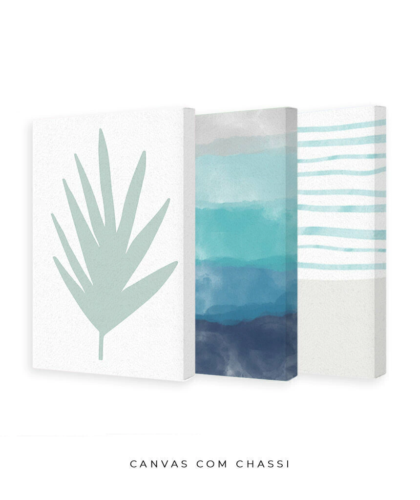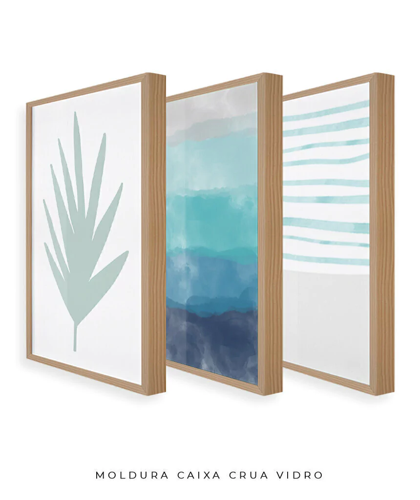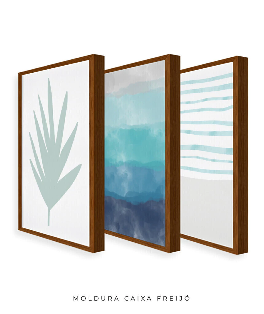 Conjunto com 3 Quadros Decorativos - Leaf + Aquarela Azul + Beach | Arte Autoral Por Rachel Moya | Art Studio®
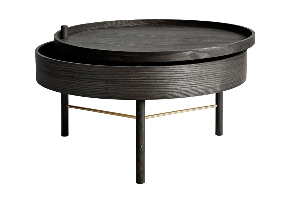 Turning Table diseñada por Theresa Rand para Audo Copenhagen es una mesita realizada en madera, disponible en 2 acabados diferentes: fresno teñido negro/latón o roble blanco/cromo negro. Turning Table ofrece una forma sencilla de mantener el salón limpio y ordenado: el compartimento debajo de la parte superior se puede utilizar para guardar, por ejemplo, libros y revistas.
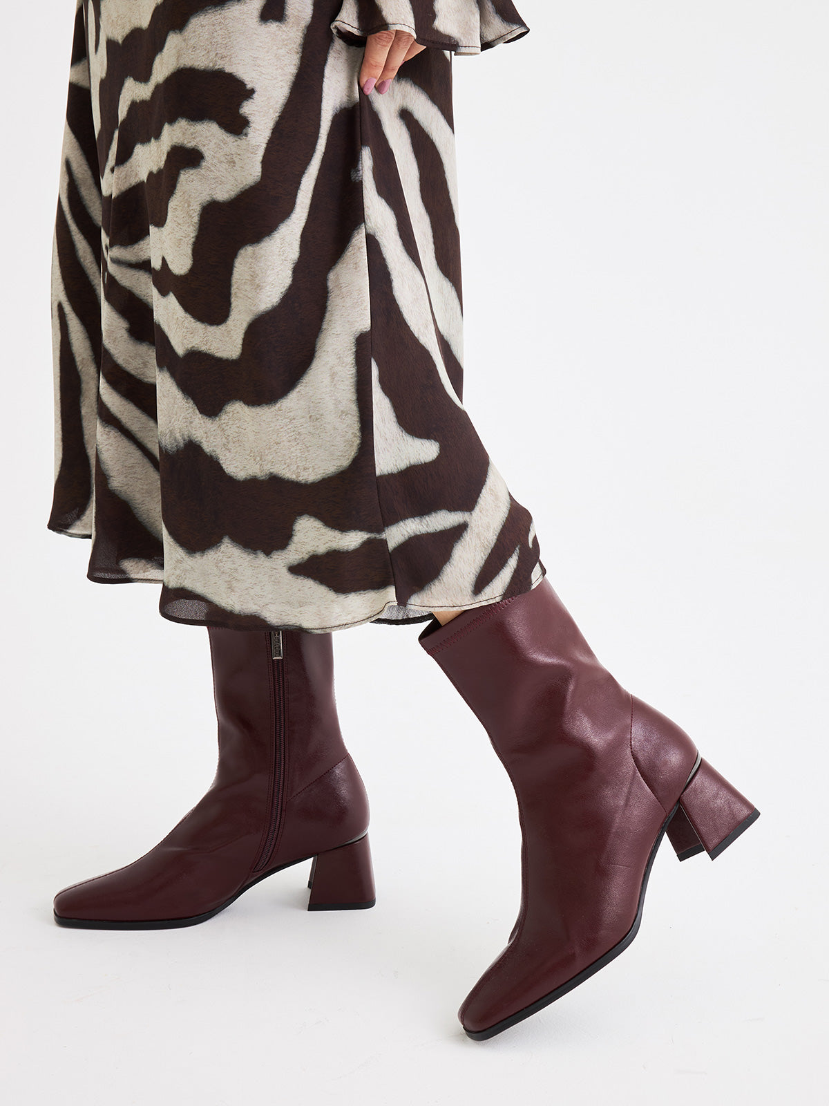 Minimalist design, perfect fit and a touch of elegance. These wine-colored lycra ankle boots are the ideal complement to your seasonal looks. The model is completed with a square heel that stylizes the figure and adds the sophisticated point that every outfit needs.
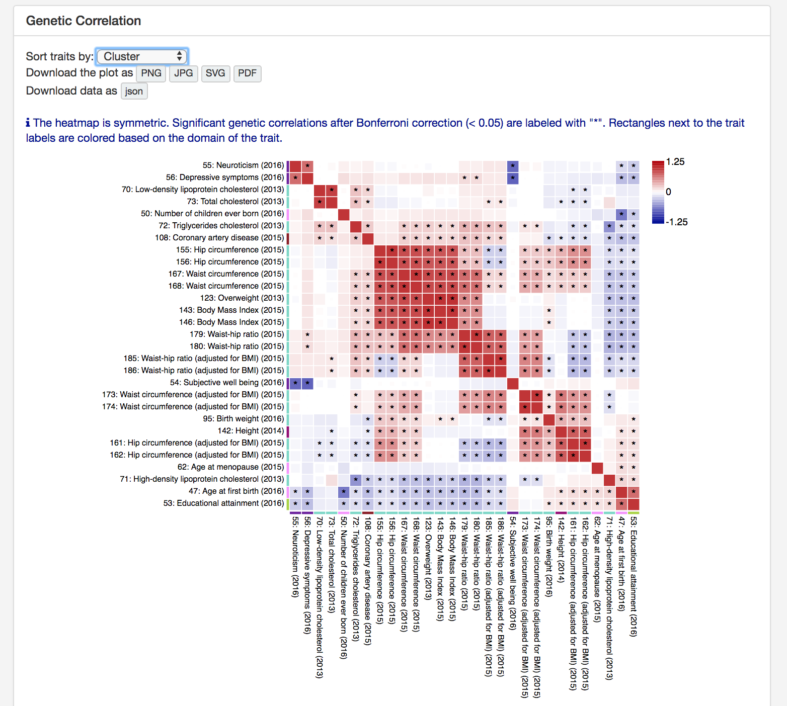 GWAS can be sorted by alphabetically, trait domain or hierarchical clustering.
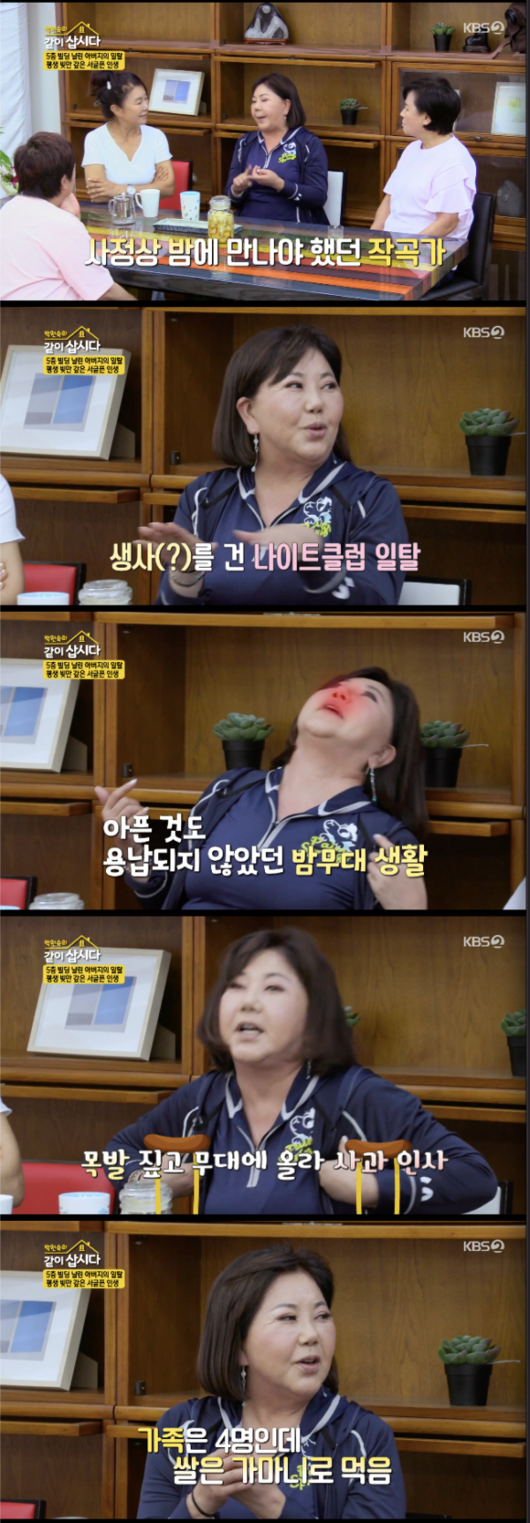 이은하는 “우리가족은 엄마, 아버지, 남동생, 나 4명이었는데 쌀은 가마니로 먹었다. 그때 당시 일가친척 생계까지 책임졌다. 일이 없어서 어쩔 수가 없었다. 온 집안이 저만 바라보는 상황이었다. 버는 만큼 돈이 엄청 나갔다.”고 말했다.
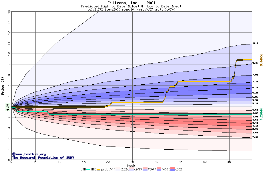The high to date and low to date prices of the stock plotted against a random walk model for 2001 (what's this?).
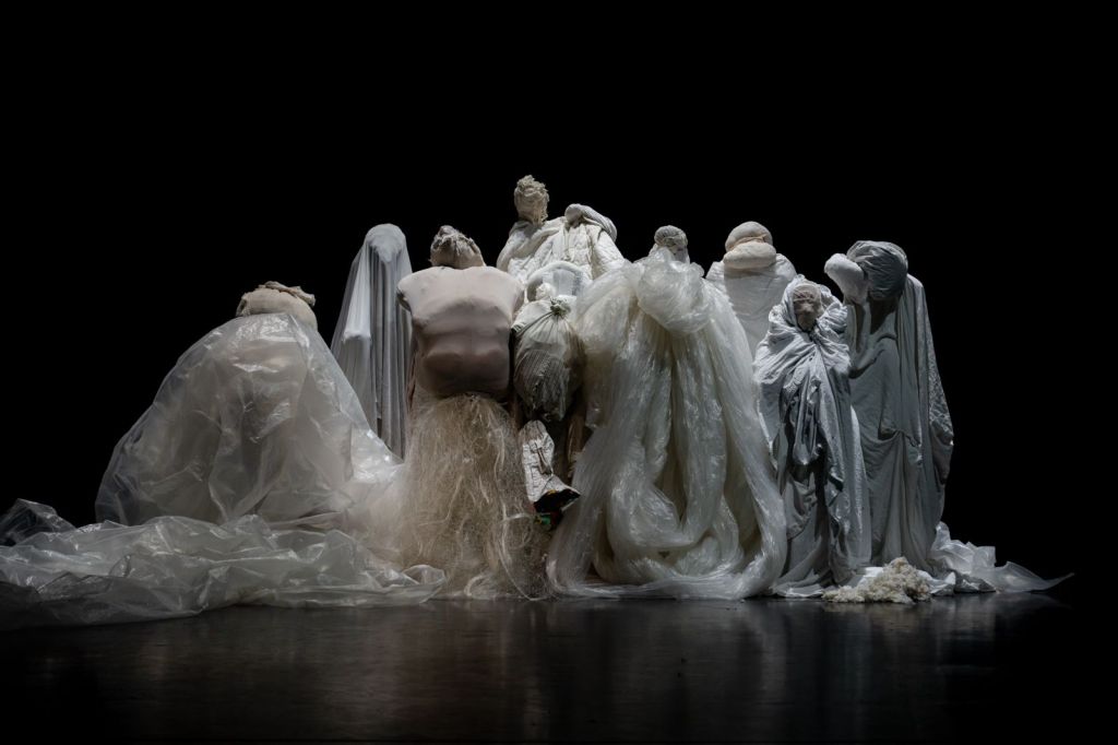 De ces silencieuses métamorphoses, quelques chuchotements émergent qui tournent aux petits cris et paroles indistinctes, ou en bribes de chants. Mais le mouvement, le flux, la houle ne s’éteint pas, le roulement semble même s’accélérer, des choses jetées éclaboussent la vague, des mains surgissent de cette écume, un tempo sourd commence à rythmer le roulis et les corps émergent et s’habillent de couleurs. Bientôt, la musique s’amplifie de sonorités africaines. Après la sarabande, voici une bacchanale explosive, formant des noeuds humains de constructions improbables. Une alignée d’hommes portant des têtes (et des fessiers), un djinn gourmand se pavane sur ses multiples jambes, une créature dont on garnit les bras de tissus blancs s’offre des ailes d’ange immaculées (ou celles d’un majestueux condor?), nous entrons un peu plus encore dans un univers peuplé d’esprits fripons et délurés. Jusqu’à ce qu’iels mutent en majesté et deviennent rois et reines, sous leurs tiares scintillantes.
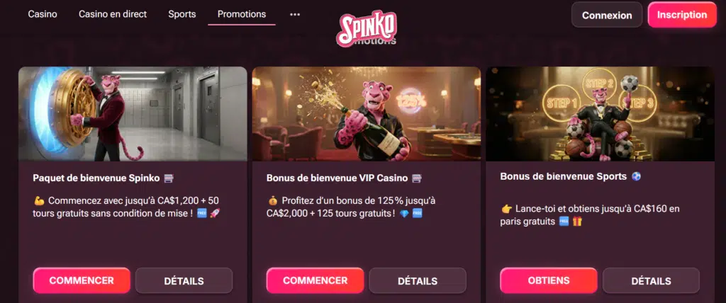 Spinko s’adresse à un public international, incluant les joueurs canadiens, et propose une interface accessible avec plusieurs langues. Le site combine :
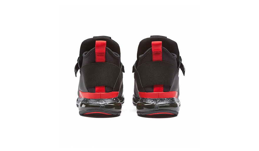 The PUMA Cell Mid comes in black with pops of red and white. It features a mix of neoprene, mesh and leather, with an elastic strap at the forefoot and plastic buckle at the midfoot offering a secure fit. A speckled and glossy black midsole completes its multi-layered and futuristic appearance.
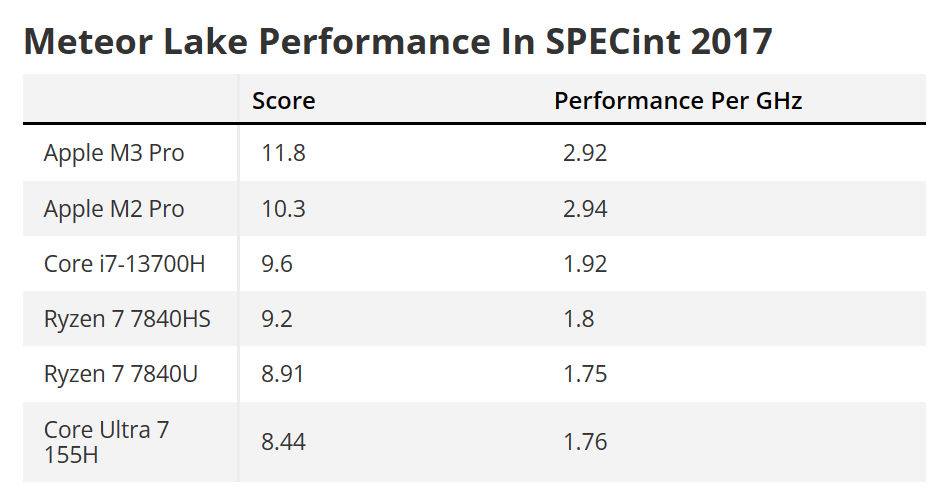 硬件爱好者David Huang测试的数据显示,SPECint 2017项目中,酷睿Ultra 7 155H的单位频率性能仅为1.76,相比于13代酷睿i7-13700H 1.92反而降低了大约8%。

****

#### Your task
Output nothing but the entries above, exactly, once the pictures are removed.

#### Finished exercise
 Conjunto com 3 Quadros Decorativos - Leaf + Aquarela Azul + Beach | Arte Autoral Por Rachel Moya | Art Studio®
 Turning Table diseñada por Theresa Rand para Audo Copenhagen es una mesita realizada en madera, disponible en 2 acabados diferentes: fresno teñido negro/latón o roble blanco/cromo negro. Turning Table ofrece una forma sencilla de mantener el salón limpio y ordenado: el compartimento debajo de la parte superior se puede utilizar para guardar, por ejemplo, libros y revistas.
 Minimalist design, perfect fit and a touch of elegance. These wine-colored lycra ankle boots are the ideal complement to your seasonal looks. The model is completed with a square heel that stylizes the figure and adds the sophisticated point that every outfit needs.
 GWAS can be sorted by alphabetically, trait domain or hierarchical clustering.
 이은하는 “우리가족은 엄마, 아버지, 남동생, 나 4명이었는데 쌀은 가마니로 먹었다. 그때 당시 일가친척 생계까지 책임졌다. 일이 없어서 어쩔 수가 없었다. 온 집안이 저만 바라보는 상황이었다. 버는 만큼 돈이 엄청 나갔다.”고 말했다.
The high to date and low to date prices of the stock plotted against a random walk model for 2001 (what's this?).
 De ces silencieuses métamorphoses, quelques chuchotements émergent qui tournent aux petits cris et paroles indistinctes, ou en bribes de chants. Mais le mouvement, le flux, la houle ne s’éteint pas, le roulement semble même s’accélérer, des choses jetées éclaboussent la vague, des mains surgissent de cette écume, un tempo sourd commence à rythmer le roulis et les corps émergent et s’habillent de couleurs. Bientôt, la musique s’amplifie de sonorités africaines. Après la sarabande, voici une bacchanale explosive, formant des noeuds humains de constructions improbables. Une alignée d’hommes portant des têtes (et des fessiers), un djinn gourmand se pavane sur ses multiples jambes, une créature dont on garnit les bras de tissus blancs s’offre des ailes d’ange immaculées (ou celles d’un majestueux condor?), nous entrons un peu plus encore dans un univers peuplé d’esprits fripons et délurés. Jusqu’à ce qu’iels mutent en majesté et deviennent rois et reines, sous leurs tiares scintillantes.
 Spinko s’adresse à un public international, incluant les joueurs canadiens, et propose une interface accessible avec plusieurs langues. Le site combine :
 The PUMA Cell Mid comes in black with pops of red and white. It features a mix of neoprene, mesh and leather, with an elastic strap at the forefoot and plastic buckle at the midfoot offering a secure fit. A speckled and glossy black midsole completes its multi-layered and futuristic appearance.
 硬件爱好者David Huang测试的数据显示,SPECint 2017项目中,酷睿Ultra 7 155H的单位频率性能仅为1.76,相比于13代酷睿i7-13700H 1.92反而降低了大约8%。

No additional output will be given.